A new deal for him though? I’ve got mixed feelings which I needed to work through. To do that I’ve looked at Carroll’s contract first from the club’s perspective (spoiler: from Reading’s point of view it makes sense) and then from mine.
If you’re Paul Ince, Mark Bowen and co, keeping Carroll makes sense. Absolutely. They clearly value Carroll’s experience, leadership and all-round personality, and the manager’s more direct style of play means Carroll (in theory) is a good fit.

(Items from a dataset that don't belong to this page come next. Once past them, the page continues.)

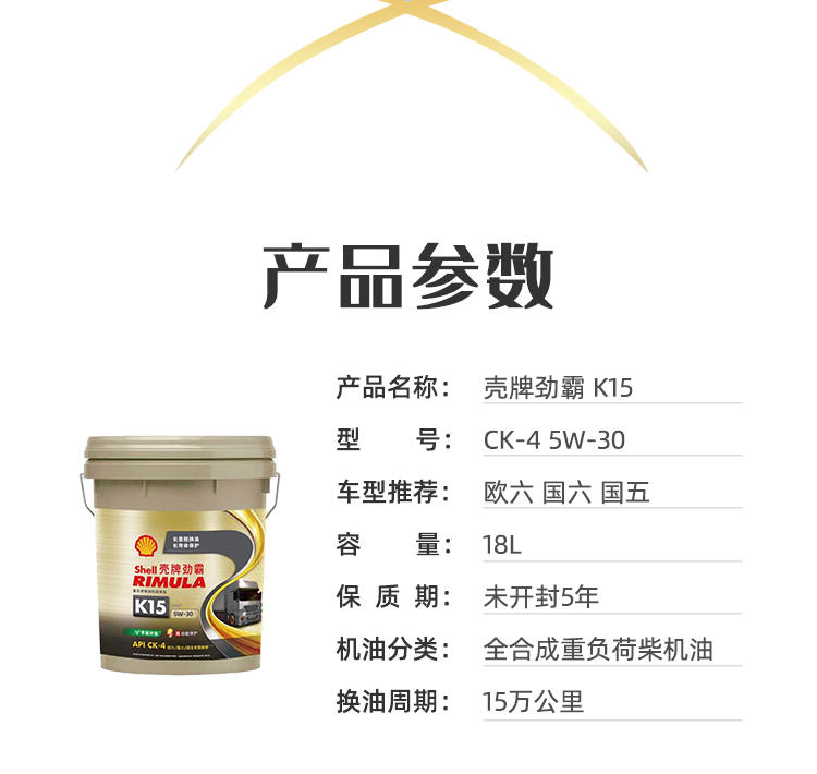 壳牌劲霸 柴机油 K15 5W-30 CK-4 4L 10-15万公里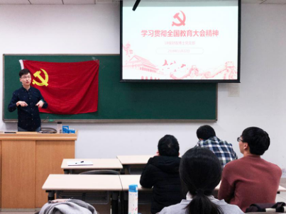 2018年11月22日下午,公司2018级财政博士党支部于明德主楼411室开展了理论学习活动。本次支部组织生活以“学习贯彻全国教育大会精神,加快教育现代化、建设教育强国、办好人民满意的教育”为主题,全面学习了习近平总书记重要讲话,与会同志展开了积极讨论,就自己对全国教育大会的理解进行深入交流。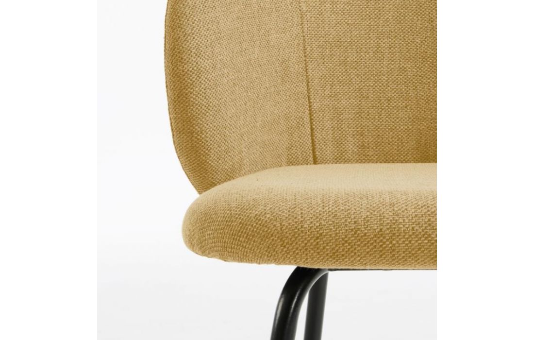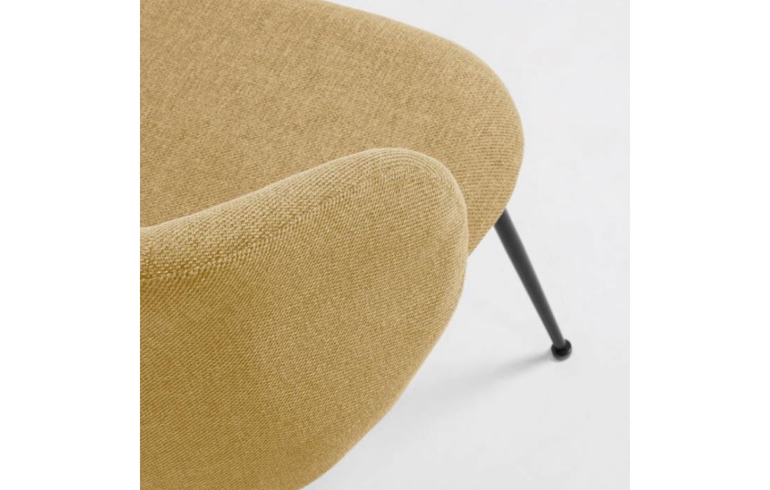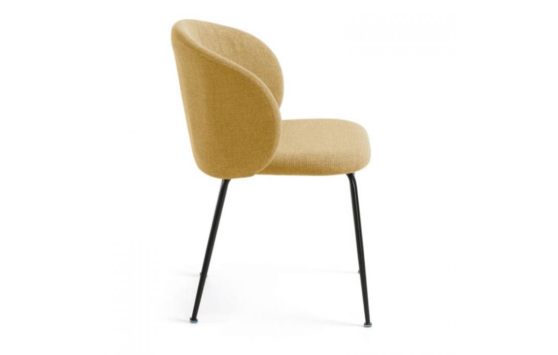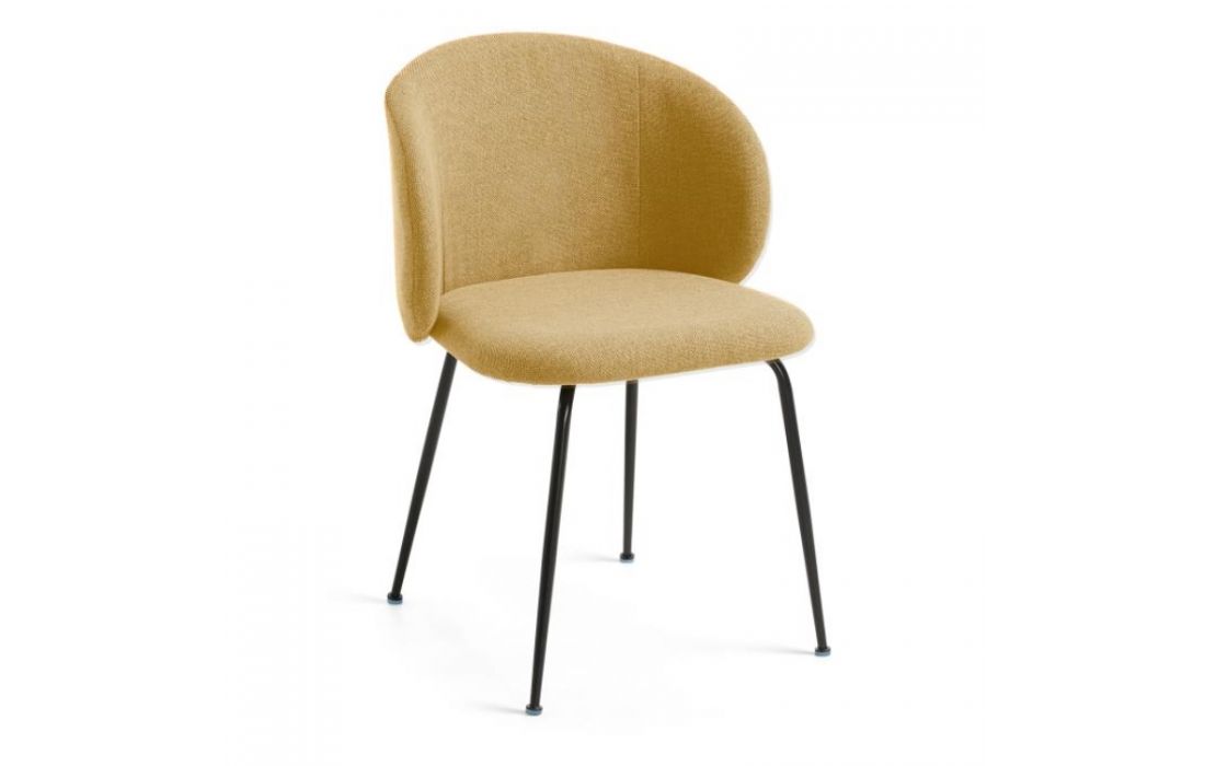 Cadeira com estrutura de metal com acabamento preto e estofada em tecido de cor mostarda.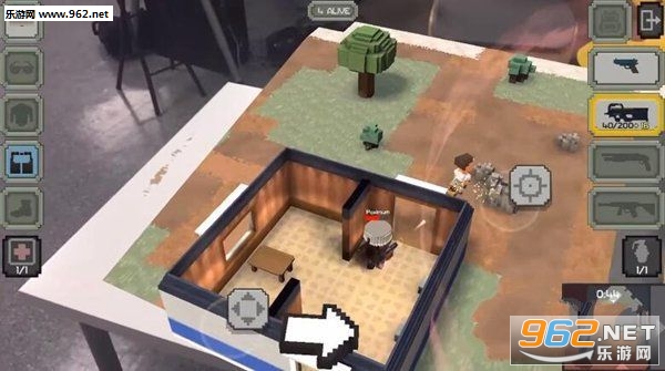 游戏是一款经典的像素风格的射击生存手游,玩家在游戏中需要收集道具和装备,选择不同的策略战胜所有的玩家,当然在装备落后的时候可以躲在草丛阴人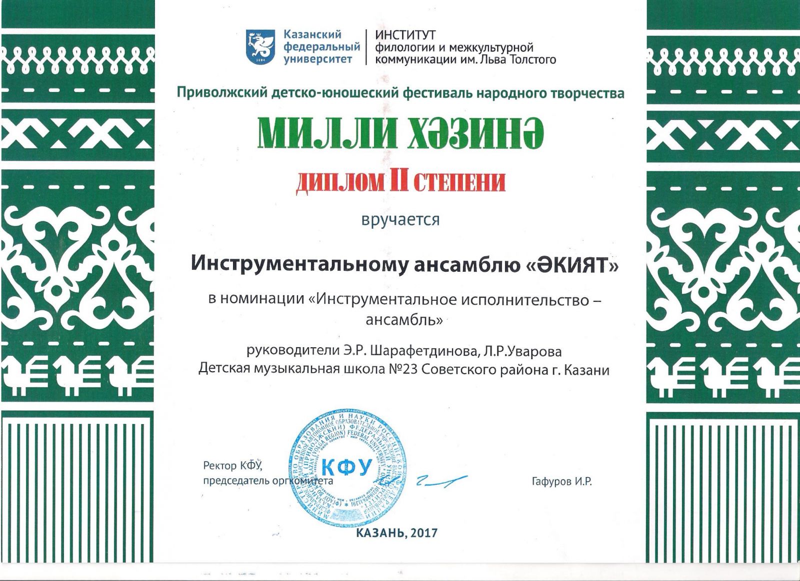 Приволжский детско-юношеский фестиваль народного творчества "Милли хәзинә" - Диплом 2 степени - Ансамбль "Экият" (руководители: Шарафетдинова Э.Р., Уварова Л.Р.)
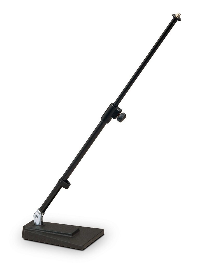 Suorakaiteen muotoisella valetulla jalustalla varustettu matala mikrofoniteline. Kaksiosainen ja kitkattomasti säädettävä teleskooppivarsi. Ihanteellinen rumpusetin mikitykseen studio-olosuhteissa.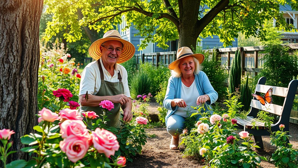 Gardening offers many benefits for your joy and health, helping you stay active, relax mentally, and enjoy the outdoors. You can make it easier by using raised beds, containers, and low-maintenance plants suited to your climate. Design accessible pathways and seating areas to stay comfortable, and choose lightweight tools to reduce strain. With thoughtful planning, gardening can be both rewarding and safe—keep going to discover how to create your ideal, enjoyable outdoor space.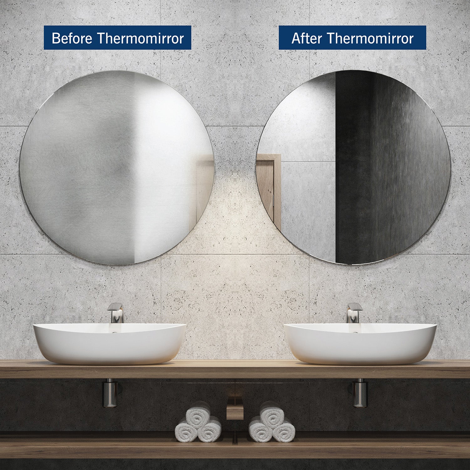 Thermomirror Demister Pads are an ultra-thin demister pad that provides a clear and condensation-free mirror even after a hot bath or shower. These pads are fully self-adhesive for attaching to the back of your mirror and have a single 240V connection point for easy installation. Typically a mirror fogs up due to the difference in temperature of the mirror and the temperature in the bathroom. The bathroom is warm from the shower or bath whilst the mirror is cold and this difference in temperature causes it to fog up. The mirror defogger warms the mirror to reduce the difference in temperature ensuring a steam free mirror in the bathroom.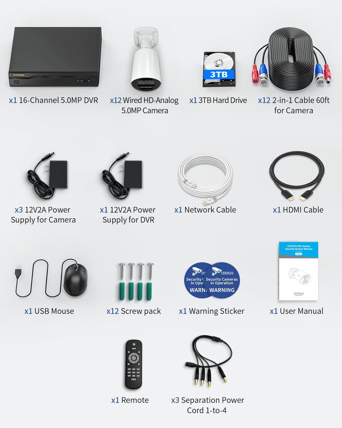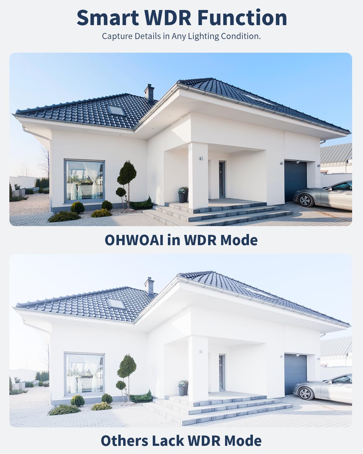 《80ft Tremendous Night time Imaginative and prescient》With a formidable 80-feet night time imaginative and prescient vary, OHWOAI residence safety digicam system ensures clear visibility even in low-light situations. Whether or not it is monitoring a big outside space or a dimly lit room, this wired outside safety digicam offers dependable surveillance protection day and night time.

Ince has also used Carroll extensively since the World Cup break: four starts and two sub appearances in Reading’s six matches across all competitions. With Lucas Joao, Yakou Meite and Shane Long (among others) all in contention to start up top, that’s a significant endorsements of Carroll, although there’s always the possibility that his game time has been influenced by his contract status. After all, if you’re trying to persuade someone to stay on, you don’t keep them on the bench.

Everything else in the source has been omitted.